In 2004 we spent the week of Thanksgiving at Maderia Beach. The day that mom and I went to visit my sister Mary, Melanie and Patrick went to Bush Gardens and had a big day there. That was a very hard day for me to see her so ill. That was our last visit together. She could only take company in her room for short periods of time so we were able to visit with Teresa and Alister in between going in to see her.
Your post and the comments to your post caused me to have a good cry, but I don't consider that a bad thing. I miss my sister and my father and my mother very much.

Anonymous said...

Joy, it's so good to hear from you! Happy birthday to Megan! The last time I saw your dad, which was March of this year when he was up here for Christian's funeral, I was thinking the very same thing! He does look SO MUCH like grandpa! I've also noticed that your dad and Uncle Bob have the same hands as grandpa. That's something I've always thought was pretty cool! Speaking of hands, grandpa's pinkie fingers had a slight curve inward toward his ring fingers that my mom inherited and so did I! OK - everyone check your hands! If you have bendy pinkies, well, it's from grandpa! :-)

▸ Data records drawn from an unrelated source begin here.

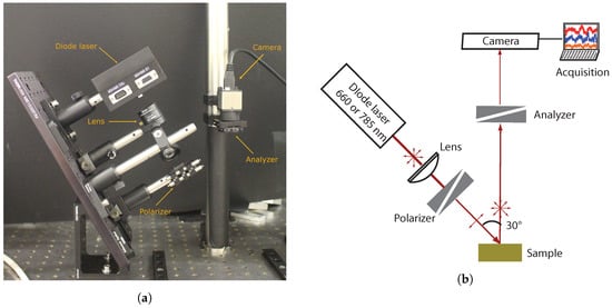 The optical setup used for backscattered speckle measurements is schematically illustrated in Figure 1. Two laser diodes were used in order to stimulate the samples at two wavelengths: one at (Thorlabs HL6545MG) where both absorption and scattering occurred and one at (Thorlabs L785P100) where absorption was negligible [,]. Both laser diodes were mounted with an aspheric lens (Thorlabs C220TME-B for the laser diode and Thorlabs C330TME-B for the laser diode) adjusted to set the laser spot to 5 mm-diameter at the sample surface and optical densities to set the power to at and at .
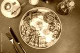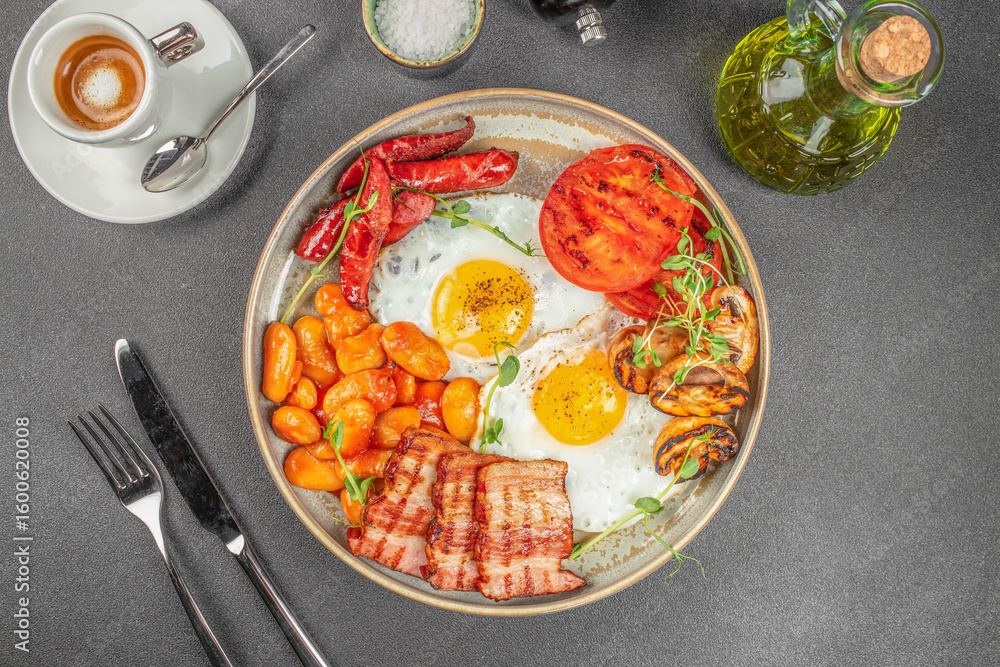 A hearty English breakfast with fried eggs, bacon, sausages, grilled tomato, beans, mushrooms, and microgreens is served alongside a fresh espresso and olive oil
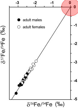 Afwijking in isotoop-verhoudingen bij ijzer. Rode vlek: mineraal ijzer. |
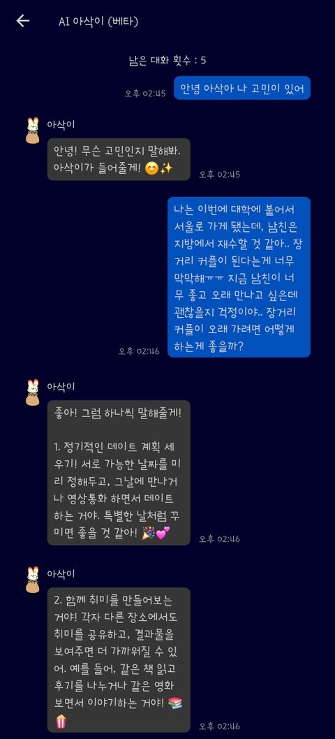 이번에 저는 수시로 붙어서 서울에 있는 대학에 가게 됐는데 남친은 수능을 망쳤나봐요..지금은 둘다 지방에 사는데 내년부터는 장거리가 될 것 같아요..ㅠㅠ너무 막막하고 털어놓을데 없어서 처음으로 AI한테 상담받았는데 괜찮은 방법인 것 같나요??
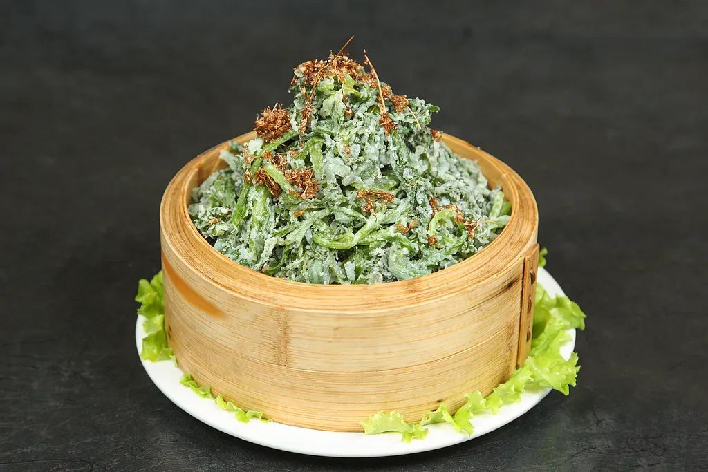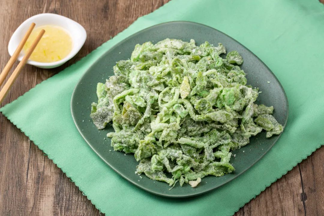 要注意裹粉量的把握。裹粉的量太多,会使蒸好的菜粘在一起,口感不佳;裹粉的量太少,菜叶会直接接触蒸汽,发黄、发软。所以,在裹粉的时候一定要遵循“少量多次”的原则,用翻拌的手法,让菜叶、菜丝均匀地裹上一层薄薄的普通面粉或玉米面粉。
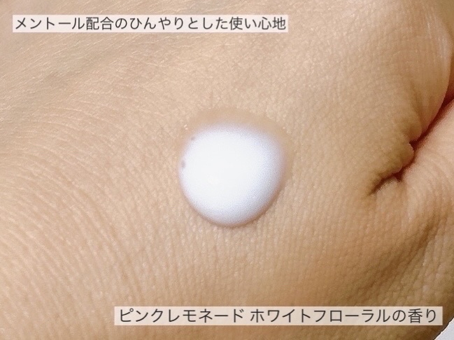 - 限定品 ●甘く爽やかな香りとみずみずしいタッチで手肌を満たすハンドエッセンス。 すっとなじむ美容液のような感覚で、 油断しがちな夏のハンドケア にも心地よく使えます。 ●メントール配合のひんやりとした使い心地で、暑い夏でも快適にご使用いただけます。 ●ジューシーでみずみずしい果実のエキス(レモンエキスやビルベリーエキス)を配合。 ベタつかずにうるおい、やわらかく透明感の高い手肌にみちびきます。 透明感:うるおいによる肌印象のこと ●ベタつきのない使用感で、 すぐにパソコンやスマートフォンに触れられます。 ●使うたび、 甘く爽やかな香りが手肌をふんわりと包み込みます。 ●パラベンフリー。 ●ピンクレモネード ホワイトフローラルの香り
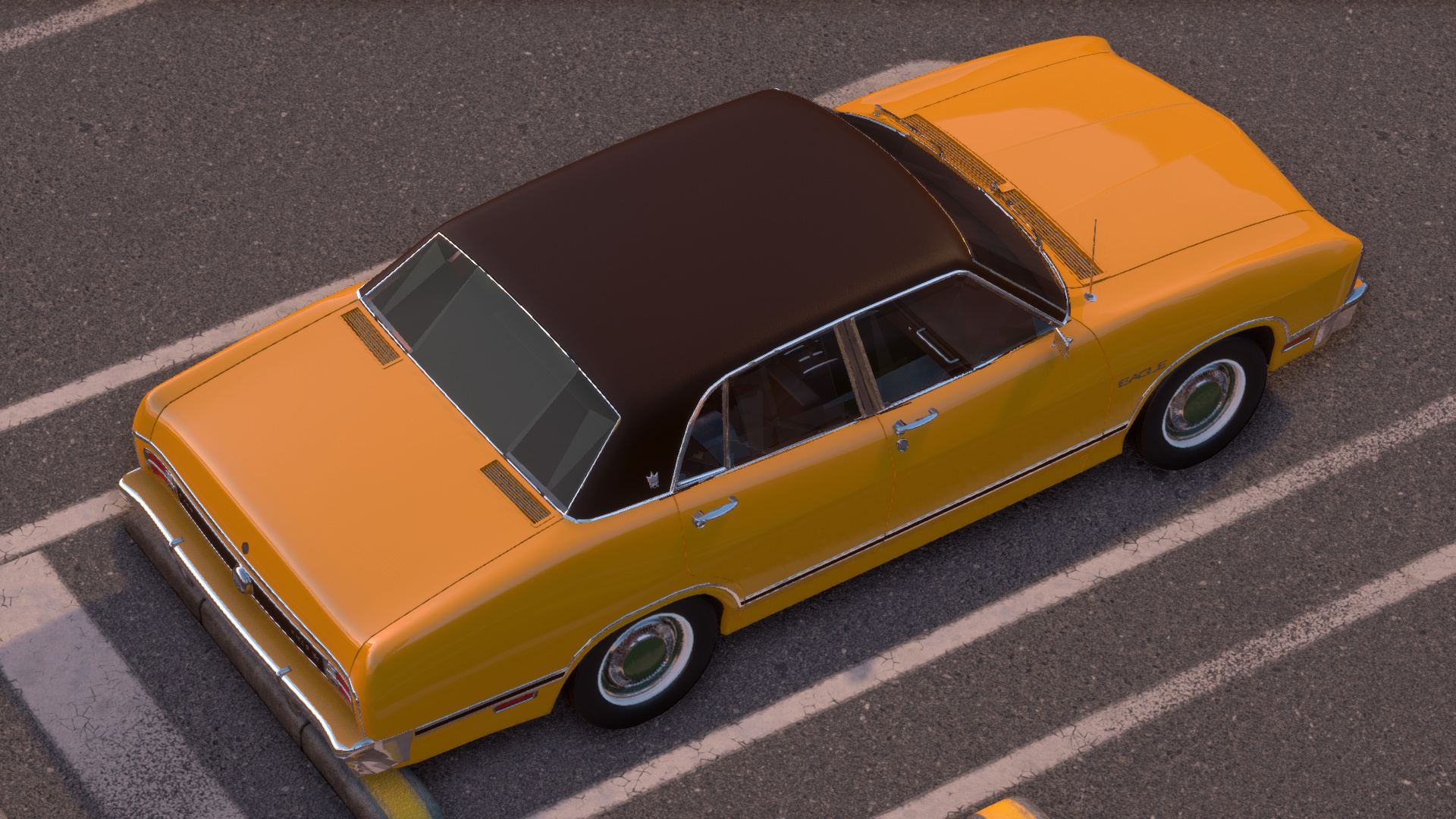 The 1974 Earl Eagle POS: Big car comfort and style, small car price and usability. Designer vinyl bucket seats, console shift 3 speed automatic transmission, and standard 100 horsepower six cylinder engine.
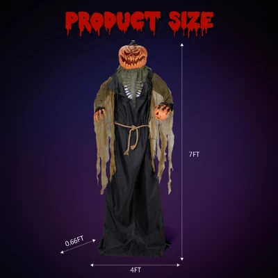 Syemin Decorative Holiday Scene Props The inflatabledecortation will be one of the best photo spots for Halloween. Just take pictures and create your own Halloween memories. It will attract trick-or-treating kids and fill your yard with a hot holiday vibe. Made of high quality materials with fine workmanship, our Halloween pumpkin inflatable decoration permits a long service life. With built-in blower, inflation will be a breeze.
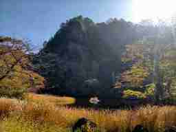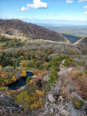 大池。 写真を撮っているとトンビ岩を登ってくる人が下に見える。 数組が登り付き(怖かった〜)と言って通過してゆく。。 |
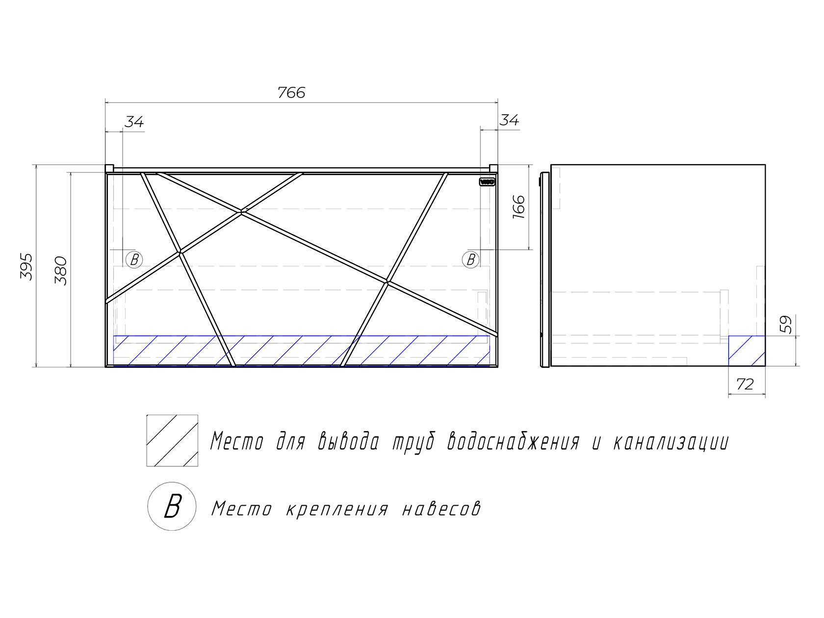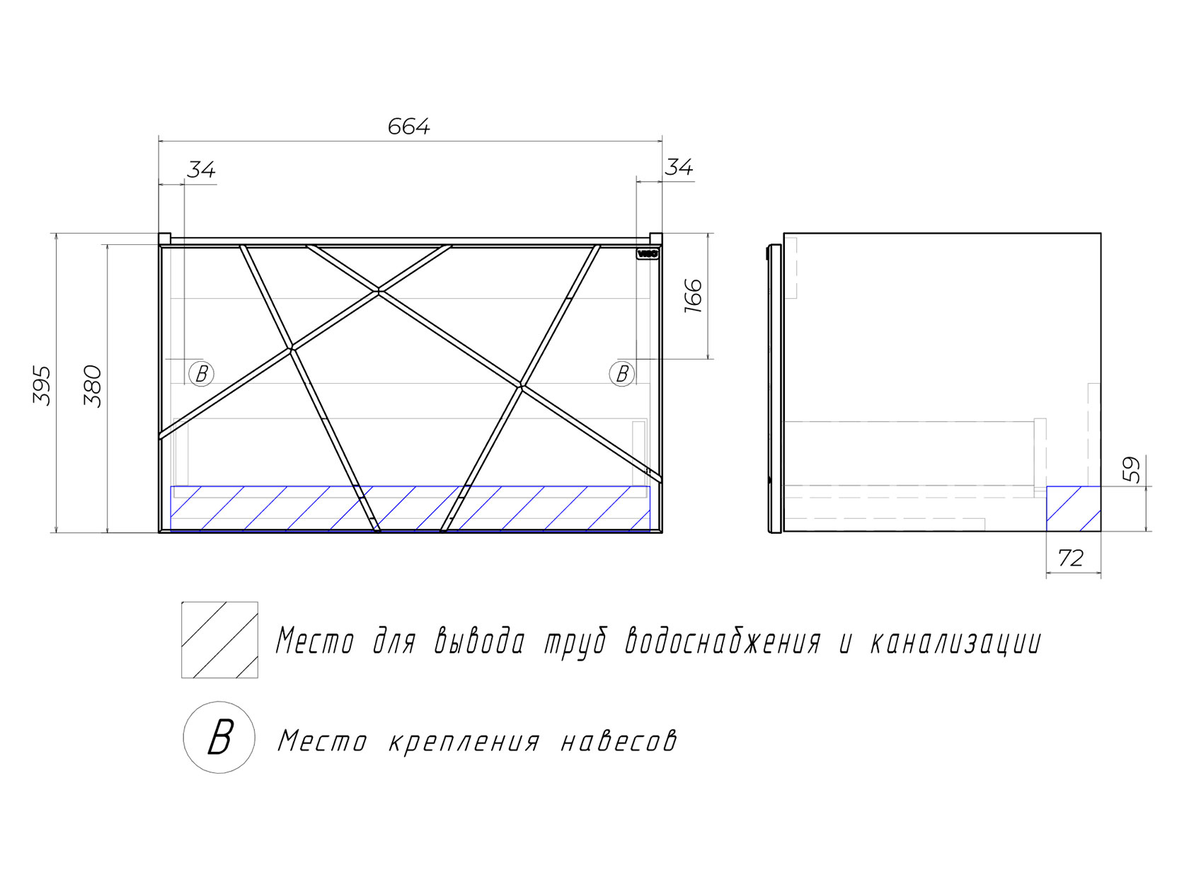 Навесная тумба под раковину: 39,5 х 66,4 х 43,8 см.

Something else I remember - his smile was certainly wonderful. His eyes would "disappear" when he smiled. My mom's did too. I think the other sib's eyes do this too!

This has been a really good time, everyone! Here's hoping we hear from more family members that may be lurking out there!

Melanie, I re-forwarded your email on to my sibs - Michelle's email was correct, but Vicki's wasn't, and I sent it on to Suzi and Steve as well.

Anonymous said...

Hey everyone, this is a great way to remember wonderful times with special people. I also remember the chairs and the ginger ale to drink. I didn't play shuffleboard a lot but I remember swimming in the pool. I was there a lot on the weekends enjoying chinese food and watching the Chicago Cubs play baseball in the afternoons.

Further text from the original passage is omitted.